Wednesday, December 26, 2018

Boxing Day


Greetings, dear readers.  I hope the Christmas break was joyous and peaceful.  As we start the countdown to the new year, here is a bit of trivia for Boxing Day . . .



Boxing Day is the day after Christmas Day but is not celebrated as a holiday in all countries. Having originated in the United Kingdom, it is celebrated in a number of countries that previously formed part of the British Empire.


The name Boxing Day has nothing to do with pugilism or of ridding the house of Christmas packaging from the day before.  Instead the name harks back to the age old British practice of giving cash or durable goods to those of the lower classes. Gifts among equals were exchanged on or before Christmas Day but generosity to  those less fortunate happened the day after.  But why Boxing Day.  There are several theories:

-  That members of the merchant class gave boxes of food and fruit to tradespeople and servants the day after Christmas in an ancient form of Yuletide tip.

-  That the day after Christmas the lord of the manor gave his serfs anr annual allotment of practical goods, such as spun cloth, leather goods, durable food supplies and tools. As to who received what depended on the status of the worker and family size. These were not gifts but allocated entitlements and were distributed in boxes.

-  That servants in Britain carried boxes to their masters when they arrived for work the day after Christmas Day, it being a tradition that at on this day all employers would put coins in the boxes as a special end-of-year gift, akin to an early form of Christmas bonus

-  That church boxes with donations for the were opened on Christmas Day and the contents distributed by the clergy the following day.
The theme common to all these theories is of persons of lesser standing being gifted or allocated benefits via boxes.  There was no gift in return to the superiors, that would presume to be a presumptuous act of equality.


The Christmas bonus gift box for tradies is mentioned in Samuel Pepys' diary entry for 19 December 1663: “. . . thence by coach to my shoemaker’s and paid all there, and gave something to the boys’ box against Christmas.”

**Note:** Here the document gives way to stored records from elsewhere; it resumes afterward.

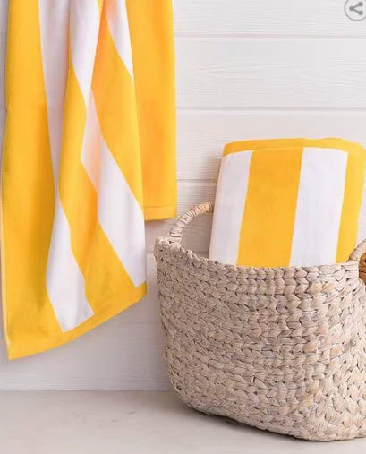 Introducing the CABANA POOL TOWELS featuring a stylish White x Yellow Stripe design. These towels are generously sized at 35 x 70 inches and weigh 20.00 lb per dozen, providing luxurious comfort and absorbency. Crafted from 100% 2 Ply Ringspun Cotton Yarn with Vat Dyed 2x2 Cabana construction, they offer exceptional softness and durability. The towels are elegantly finished with a dobby edge and are machine washable for easy maintenance. Packaged conveniently in a set of 1 dozen, they are perfect for enhancing your poolside experience or beach outings.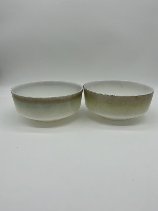 Vintage Federal Glass Ombré Mesa Pattern Milk Glass Mixing Bowls w/ Lid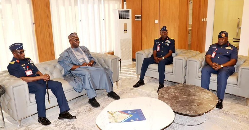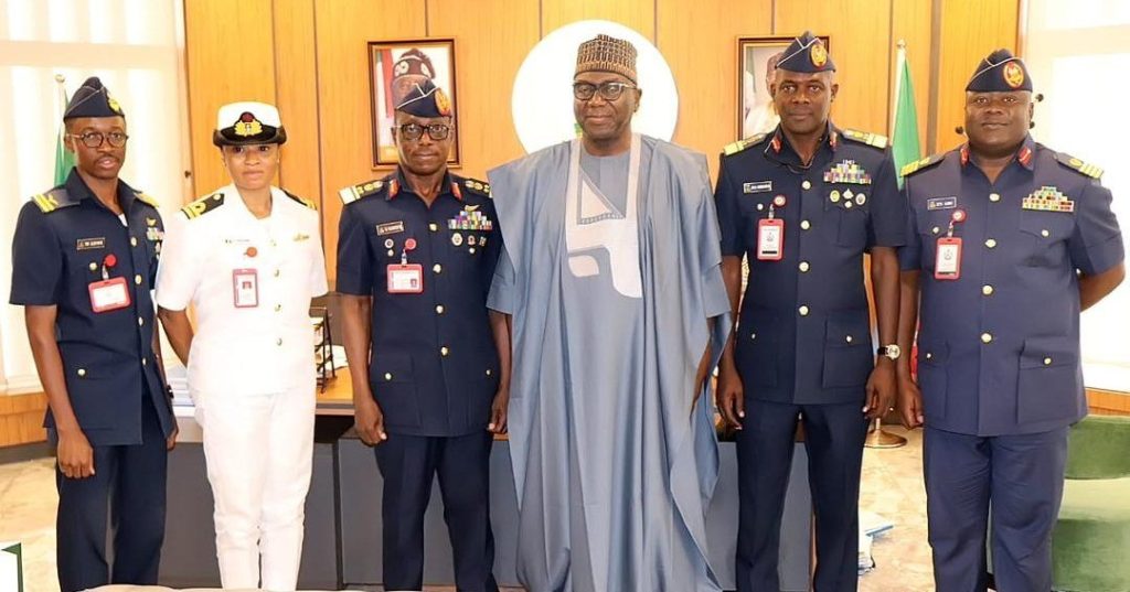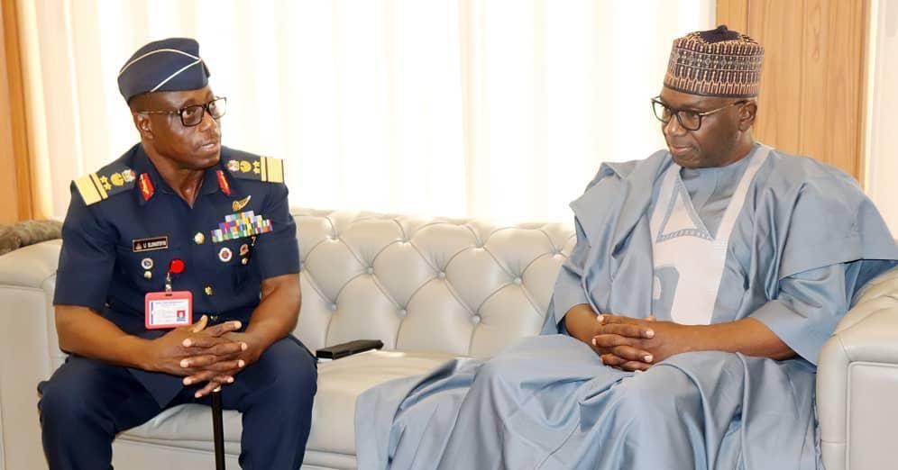 The Chief of Defence Space Administration CDSA, AVM LI Oluwatoyin along with some PSOs of the Administration, paid a courtesy visit to the Governor of Kwara State, His Excellency, Mallam Abdulrahman Abdulrasaq CON on Mon 8 Oct 24 at the Government House, Ilorin, Kwara State.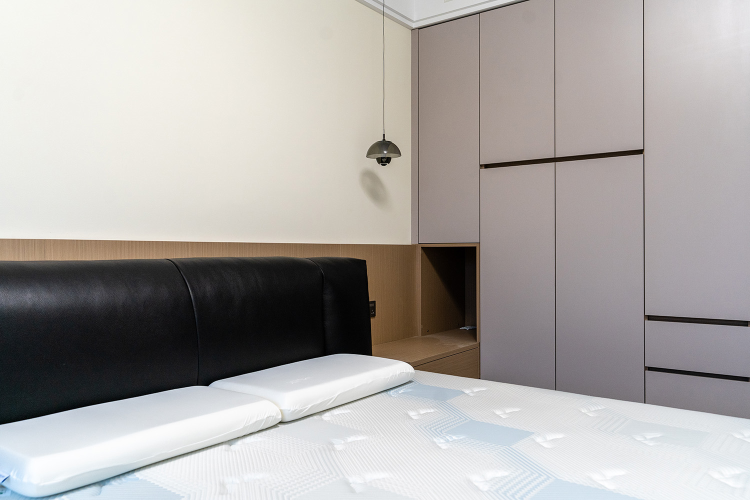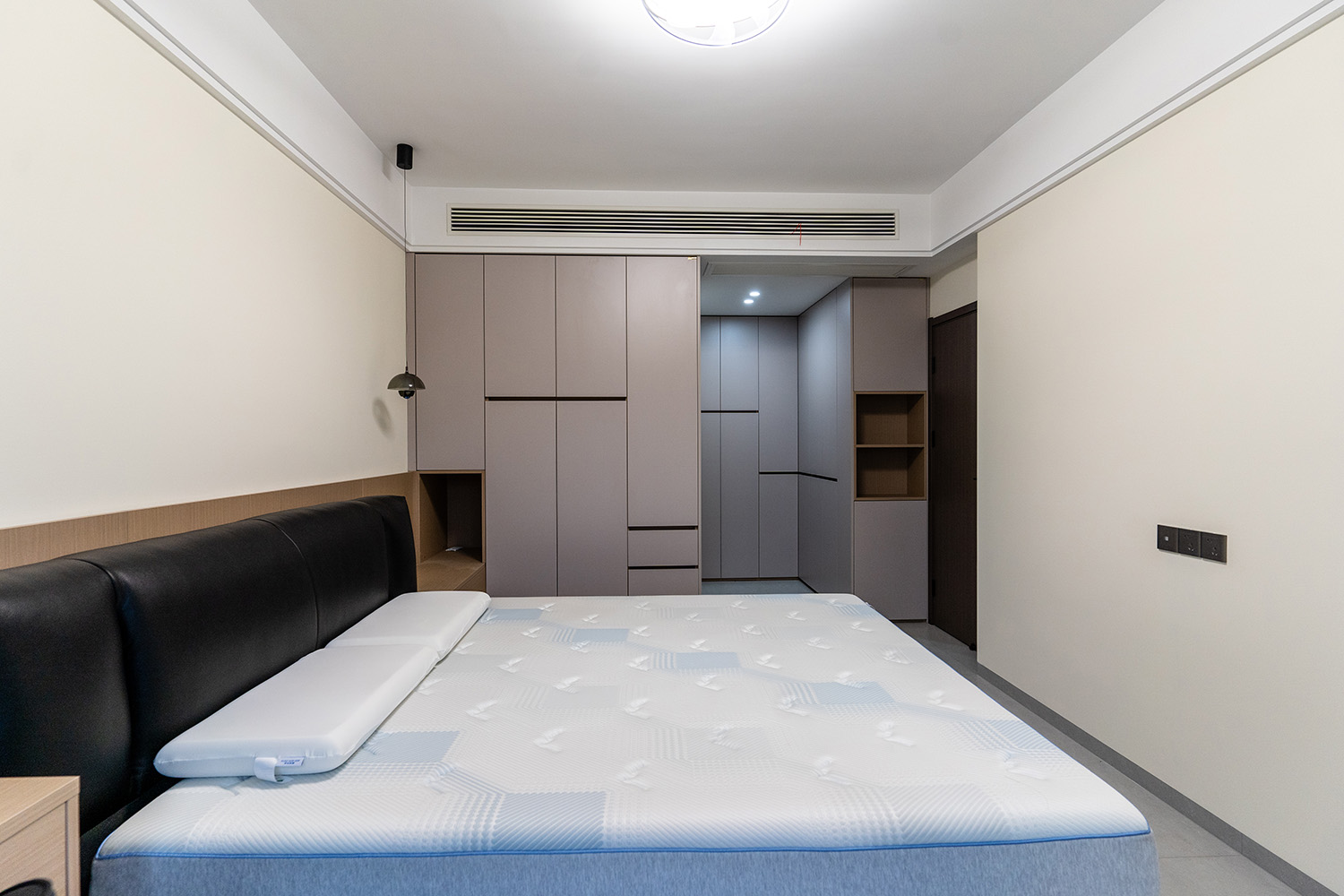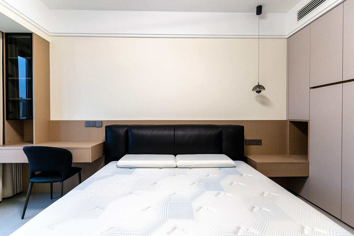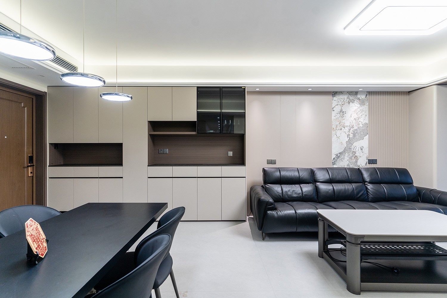 設計理念:定制化效率,沉浸式舒適 本案的核心設計理念是 “功能為綱,體驗為魂” 。旨在將115平米的空間視為一個高效運轉的精工系統。設計摒棄一切非必要的裝飾,將每一寸面積都轉化為提升居住品質的有效價值。通過科學動線、模塊化收納與智能人居的考量,為居者量身打造一個在視覺上極度清爽、在使用上極致便捷、在感受上無比放松的沉浸式居住體驗。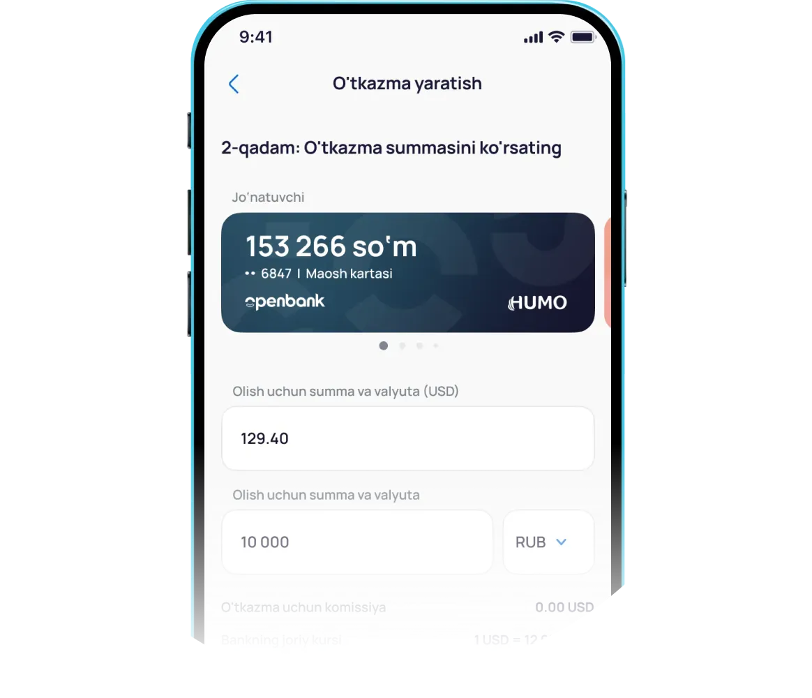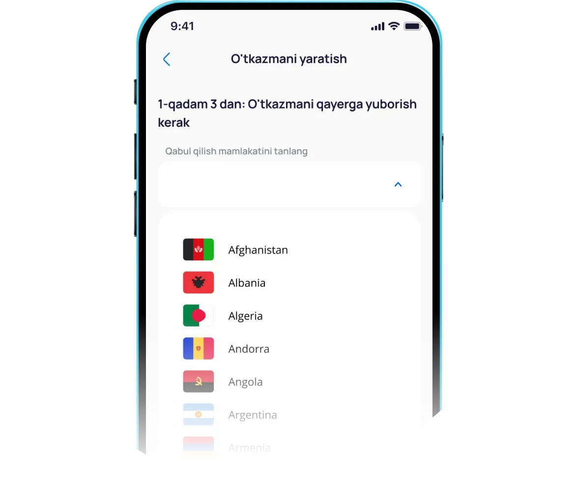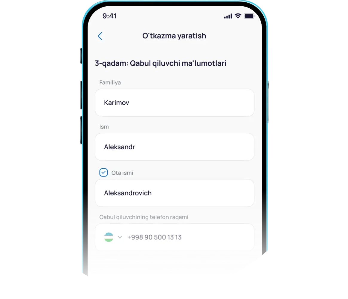 Bank hisob raqami ochmasdan ham yuborish mumkin — buning uchun faqat mobil telefon va jo‘natuvchi/qabul qiluvchining asosiy ma’lumotlari kifoya.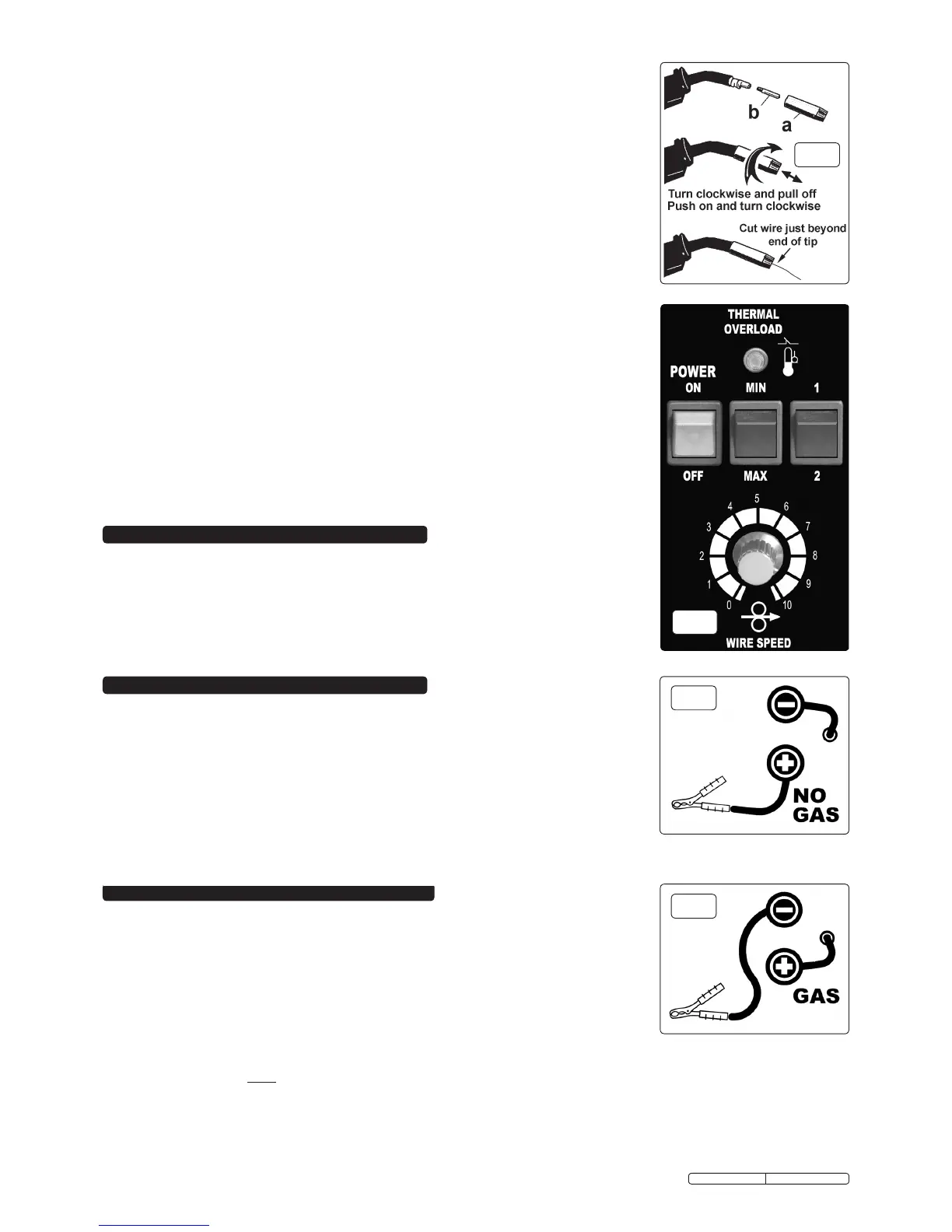 6.5 Set up the current switches to give the required power setting and adjust the wire speed accordingly.

Saint Stephen's Day, or the Feast of Saint Stephen, is a Christian saint's day to commemorate Saint Stephen, the first Christian martyr, and is celebrated on 26 December in the Latin Church and 27 December in Eastern Christianity.  The name may be familiar from the carol:  “Good King Wenceslas looked out on the Feast of Stephen…” Saint Wenceslaus I, Duke of Bohemia (907–935) was a saintly king who went out in a storm to give a poor man not just the bare minimum of fuel, but also a feast. As he and his servant brave the elements, the King is so pious that even his footsteps give off enough heat to warm his cold and tiring page.  Hence the Boxing Day tradition of giving probably built on the actions and commemorations of Saint Stephen and King Wenceslas.



In the UK, Boxing Day is a bank holiday (in England, Wales and Northern Ireland since 1871). When 26 December falls on a Saturday, the Boxing Day public holiday is moved to the substitute day, which is the following Monday. If 26 December falls on a Sunday, the substitute public holiday is the following Tuesday.



In Australia, Boxing Day is a federal public holiday. The Australian state of South Australia instead observes a public holiday known as Proclamation Day on the first weekday after Christmas Day or the Christmas Day holiday.


In Canada, Boxing Day is a federal statutory holiday. Government offices, banks and post offices/delivery are closed. In some Canadian provinces, Boxing Day is a statutory holiday that is always celebrated on 26 December. In Canadian provinces where Boxing Day was a statutory holiday, and it falls on a Saturday or Sunday, compensation days are given in the following week.



While not generally observed in the United States, on 5 December 1996, Massachusetts Gov. William F. Weld declared 26 December as Boxing Day in Massachusetts, in response to the efforts of a local coalition of British citizens to "transport the English tradition to the United States", but not as an employee holiday.


In the UK, Canada, Australia, Trinidad and Tobago and New Zealand, Boxing Day is primarily known as a shopping holiday, much like Black Friday (the day after Thanksgiving) in the United States. Boxing Day sales with dramatic price reductions  are common in Canada, Australia and New Zealand.


On Boxing Day 2004 a massive earthquake in the Indian Ocean created a tsunami that killed 275 people.


The Boxing Day Test match is a cricket Test match held in Melbourne, Victoria, Australia involving the Australian cricket team and an opposing national team which is touring Australia during the southern summer. It begins annually on Boxing Day and is played at the Melbourne Cricket Ground.


The Sydney to Hobart Yacht Race is an annual event hosted by the Cruising Yacht Club of Australia, starting in Sydney, New South Wales on Boxing Day and finishing in Hobart, Tasmania. The race distance is approximately 630 nautical miles (1,170 km). The race is widely considered to be one of the most difficult yacht races in the world.


Boxing Day is the day that Bytes returned after Christmas this year.